Vandalismo contro la memoria storica

Un atto deplorevole ha colpito piazza Santa Giulia. Alcune pietre d'inciampo sono state imbrattate e deturpate. Il Presidente del Consiglio regionale del Piemonte, Davide Nicco, ha espresso la sua più ferma condanna.

Questi gesti sono definiti «vili». Sono figli dell'ignoranza e di una grave mancanza di rispetto. L'episodio è visto come un chiaro segnale del ritorno di un «antisemitismo più becero».

Le pietre danneggiate ricordano vittime della deportazione nazista. Tra queste figurano Aida Sara Montagnana, Rosa Vita Finzi, Teresita Teglio, Ercolina Levi, Sara Colombo, Eugenia Treves in Segre, Lidia Passigli ed Ettore Abenaim.

Erano cittadini torinesi di origine ebraica. Furono deportati nei campi di sterminio tra il 1943 e il 1945. Non fecero mai più ritorno alle loro case.

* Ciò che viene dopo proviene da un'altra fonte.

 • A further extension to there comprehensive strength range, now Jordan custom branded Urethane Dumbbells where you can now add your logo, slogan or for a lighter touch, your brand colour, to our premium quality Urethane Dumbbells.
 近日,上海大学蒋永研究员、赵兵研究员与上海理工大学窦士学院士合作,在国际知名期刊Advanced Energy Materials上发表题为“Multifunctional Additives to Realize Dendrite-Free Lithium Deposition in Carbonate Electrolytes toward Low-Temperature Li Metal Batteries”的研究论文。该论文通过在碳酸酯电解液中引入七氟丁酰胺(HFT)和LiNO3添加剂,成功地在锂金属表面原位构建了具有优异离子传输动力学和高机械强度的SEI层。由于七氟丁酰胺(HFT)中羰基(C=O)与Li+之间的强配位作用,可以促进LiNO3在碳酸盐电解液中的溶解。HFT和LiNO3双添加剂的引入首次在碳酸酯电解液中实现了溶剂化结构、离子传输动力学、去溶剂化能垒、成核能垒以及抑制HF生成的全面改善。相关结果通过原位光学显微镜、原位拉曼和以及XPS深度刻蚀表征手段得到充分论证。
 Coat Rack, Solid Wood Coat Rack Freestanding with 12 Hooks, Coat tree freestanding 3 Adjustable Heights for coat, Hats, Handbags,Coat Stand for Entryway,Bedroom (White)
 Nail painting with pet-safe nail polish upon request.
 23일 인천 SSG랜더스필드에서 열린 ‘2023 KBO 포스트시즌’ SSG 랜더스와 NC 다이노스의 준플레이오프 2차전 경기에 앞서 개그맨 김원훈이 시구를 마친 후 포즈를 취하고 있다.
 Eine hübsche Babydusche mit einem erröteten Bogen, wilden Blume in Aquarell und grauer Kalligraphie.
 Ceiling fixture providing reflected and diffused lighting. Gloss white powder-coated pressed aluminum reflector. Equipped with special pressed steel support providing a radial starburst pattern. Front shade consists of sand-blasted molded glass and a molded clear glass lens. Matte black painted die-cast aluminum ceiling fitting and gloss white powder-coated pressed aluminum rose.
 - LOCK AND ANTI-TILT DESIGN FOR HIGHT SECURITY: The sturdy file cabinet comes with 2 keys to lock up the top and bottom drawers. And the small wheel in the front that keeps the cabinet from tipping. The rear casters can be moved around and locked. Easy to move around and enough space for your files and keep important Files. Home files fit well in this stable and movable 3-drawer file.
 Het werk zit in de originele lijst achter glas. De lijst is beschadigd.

L'antisemitismo riemerge preoccupante

Nicco sottolinea la gravità dell'accaduto. Non si tratta di un semplice atto vandalico. È un segnale preoccupante di un fenomeno in riemersione nella società.

L'antisemitismo sta tornando a farsi sentire. Alcuni gruppi confondono la critica al governo israeliano con l'odio verso il popolo ebraico. Questa confusione è ritenuta inconcepibile.

Si tratta di una deriva pericolosa. Va riconosciuta e fermata subito. L'azione deve essere immediata e senza distinzioni. L'obiettivo è evitare che il fenomeno diventi incontrollabile.

La superficialità e l'ignoranza alimentano questi gesti. La memoria delle vittime merita rispetto. La storia non deve essere offuscata.

Appello a istituzioni e società civile

Il Presidente Nicco auspica un'azione rapida. Spera che i responsabili vengano individuati presto. È fondamentale una risposta ferma e unita.

Tutte le istituzioni devono agire insieme. Anche la società civile è chiamata a fare la sua parte. È necessario un fronte comune contro l'odio.

La condanna deve essere totale. Non ci devono essere ambiguità. La memoria delle vittime della Shoah va preservata.

La collaborazione tra enti e cittadini è cruciale. Solo uniti si può contrastare efficacemente l'antisemitismo. La risposta deve essere esemplare.

Domande e Risposte

Cosa sono le pietre d'inciampo?

Le pietre d'inciampo sono piccoli monumenti posti davanti alle abitazioni delle vittime della persecuzione nazista. Ricordano le persone deportate e uccise nei campi di sterminio.

Perché il vandalismo contro le pietre d'inciampo è preoccupante?

Il vandalismo contro le pietre d'inciampo è preoccupante perché viene interpretato come un segnale del ritorno dell'antisemitismo e dell'ignoranza storica. Questi atti minano la memoria delle vittime e la convivenza civile.